The client will still receive a full response (and will be able to start
processing it once it is there in full), but never throughout the live of
the request will there be "the full thing" on the API side.
But beware: in this case, the endpoint function will need to manually construct
"pieces of a syntactically valid JSON". In the sample app, this is achieved
by a format_streaming_response
function which takes care
of the opening/closing square brackets for a list and of the correct placement
of the commas. In practice, this function makes a generator over homogeneous
items into a generator returning something like (row-by-row; note the commas):
1. [
2. {"a": 1, "b": 100}
3. ,{"a": 2, "b": 200}
4. ,{"a": 3, "b": 300}
5. ,{"a": 4, "b": 400}
6. ]
3. Reference application¶
You can clone the reference application coming with this page and run it in minutes, provided you have an Astra DB instance (click here to create one).

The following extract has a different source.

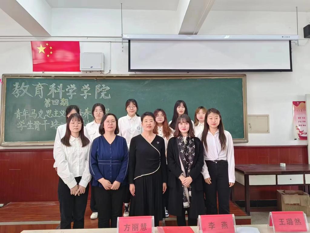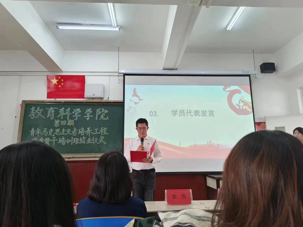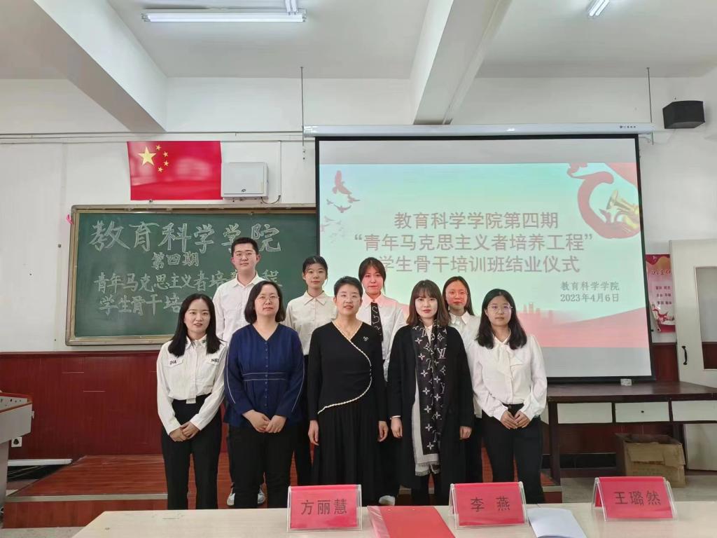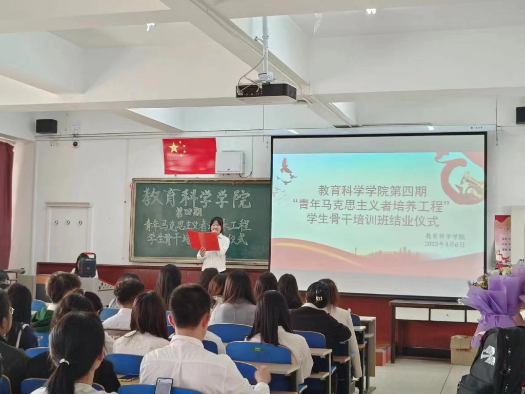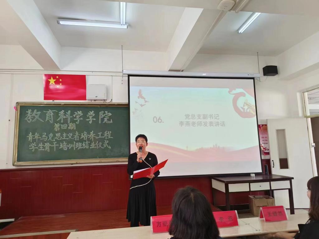 为深入学习贯彻党的二十大精神和习近平总书记关于青年工作的重要思想,落实《中长期青年发展规划(2016—2025年)》文件要求,为党培养信仰坚定、能力突出、素质优良、作风过硬的学生骨干,教育科学学院自2022年11月29日组织开展了第四期“青年马克思主义者培养工程”学生骨干培训班。学院通过专题讲座、影视教育、知识竞赛和素质拓展等多种培训形式,已顺利完成全部培训内容,于4月6日下午在博600举行了教育科学学院第四期“青年马克思主义者培养工程”学生骨干培训班结业仪式。党总支副书记李燕、团总支书记方丽慧、辅导员王璐然、学生干部代表及141名参训学员参加了结业仪式。

The setup instructions are outlined below: for more details, refer to the repo's README.
Setup¶
An Astra DB instance, with corresponding Token and Secure connect bundle, are required to run this app: make sure you have them at your disposal.
Once you cloned the repository, create the .env
file with the required secrets
and (preferrably in a Python virtual environment) install all dependencies
with pip install -r requirements.txt
.
In order to populate the database (table creation and insertion of sample rows),
you should run once the script python storage/db_initialize.py
. You are now
ready to run the API.
Run sample app¶
Running the API is as simple as
You can now issue requests to it. Look in the repo's README for example
requests, testing all provided endpoints, as curl
commands (of course
you can use any tool you like, such as Postman, to achieve the same effect).